Philippines-UK Science Partnership: Standing among giants

We celebrated the Newton Prize Philippines event in Manila recently. The Prize featured five brilliant Filipino scientists and their teams, who, working alongside their British counterparts, are making incredible innovative contributions to tackling challenges in health, food production, and waste water management. These five were chosen by an eminent panel of leading scientists for having demonstrated outstanding quality of research and innovation. Their partnerships exemplify exceptional British and Filipino science collaboration for a most noble cause: to create tangible impact and push forward the 2030 Agenda for Sustainable Development.

Partnership sits at the heart of the Newton Fund.
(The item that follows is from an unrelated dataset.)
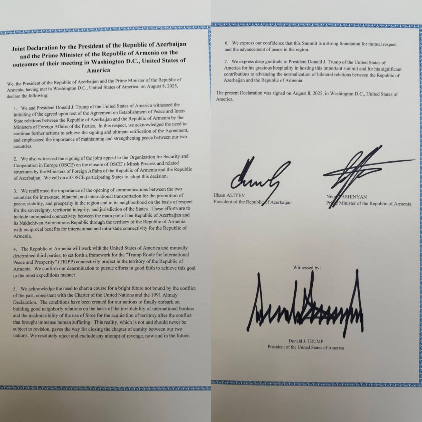 Лидеры Армении и Азербайджана Никол Пашинян и Ильхам Алиев 8 августа подписали декларацию о намерении заключить мир. Это произошло в присутствии президента США Дональда Трампа, который также поставил свою подпись под документом. В нескольких пунктах декларации сообщалось, что Ереван и Баку согласовали текст договора о мире, обратились к ОБСЕ с просьбой распустить Минскую группу, а также договорились разблокировать коммуникации между странами, включая беспрепятственное сообщение между Азербайджаном и Нахичеванским эксклавом через территорию Армении. Эксклюзивные права на развитие стратегического транзитного коридора через Южный Кавказ получили США, проект назвали «Международный маршрут мира и процветания Трампа» (TRIPP).

The British government, in cooperation with partner governments, launched the Newton Fund in 2014 as a means to build capacity and collaboration in science and innovation in emerging economies. Known as the Newton Agham Programme in the Philippines, five years on, we have seen this partnership in practice. Since 2014, together with our partners from the Philippine government, the Department of Science and Technology, Department of Agriculture, and the Commission on Higher Education, we have jointly supported large-scale research grants, workshops, PhD scholarships, and innovation fellowships. Through these programmes we have jointly supported about 130 British and Filipino institutions, and allowed hundreds of British and Filipino researchers to work together. Together, we have built mutual capacity, strengthened science partnerships, and most importantly fostered lasting friendships among the research and innovation communities of both our countries.

As we face urgent global challenges that are affecting us all, the importance of cooperation to understand the causes of these challenges and to find solutions has never been greater. The Newton Philippines Prize winner, Dr Michael Promentilla, of De LaSalle University, together with Dr Devendra Saroj of the University of Surrey, is developing cost-effective technologies to recover the nutrient phosphate from household wastewater. With further processing, these phosphates, an essential nutrient for growing crops, could be converted to fertilizer. This pioneering work promotes clean water and sanitation, and helps work towards the goal of zero hunger, and sustainable cities and communities, in the Philippines and around the world.

Other excellent research projects highlighted by the Newton Prize include a collaboration between the London School of Hygiene and Tropical Medicine and the Philippine Research Institute on Tropical Medicine on the eradication of Malaria, by improving the monitoring of disease for high-risk, migrant and mobile populations. A Filipino PhD scholar at the University of Nottingham is looking into better ways to understand and treat asthma, which affects one in ten Filipinos. These are two concrete examples of work supported through the Newton Agham Programme that will enable people to have better, longer and more active lives. And all this while developing mutual science capacity and supporting growth and prosperity.

The Newton Agham Programme is an important part of the UK’s investment in long term international partnerships to help tackle global development challenges and produce excellent science. This February 2020, the UK government launched the Global Talent visa which would fast- track visas for researchers with strong scientific credentials. Supporting the world’s leading scientists sustains our proud history of scientific discovery. We will continue to invest in talent and in cutting- edge research, remaining a strong contributor and leader in innovation and science.

Our cooperation on science with the Philippines continues to deepen and broaden. The UK and the Philippines signed a memorandum of understanding for partnership in science, technology and innovation in July 2019. Our openness to work together and our aspirations for excellence form a strong basis for continued collaboration in science, innovation and across many areas of our ever growing relationship between our two countries. We are indeed Closer Than You Think.

Isaac Newton is credited to have said, “If I have seen further it is by standing upon the shoulders of giants.” This is the very nature of science – a way forward through collaboration. We have many giants in our two countries, and we hope that together we can work towards the advancement of human knowledge, helping achieve the Sustainable Development Goals and building the future prosperity of our people.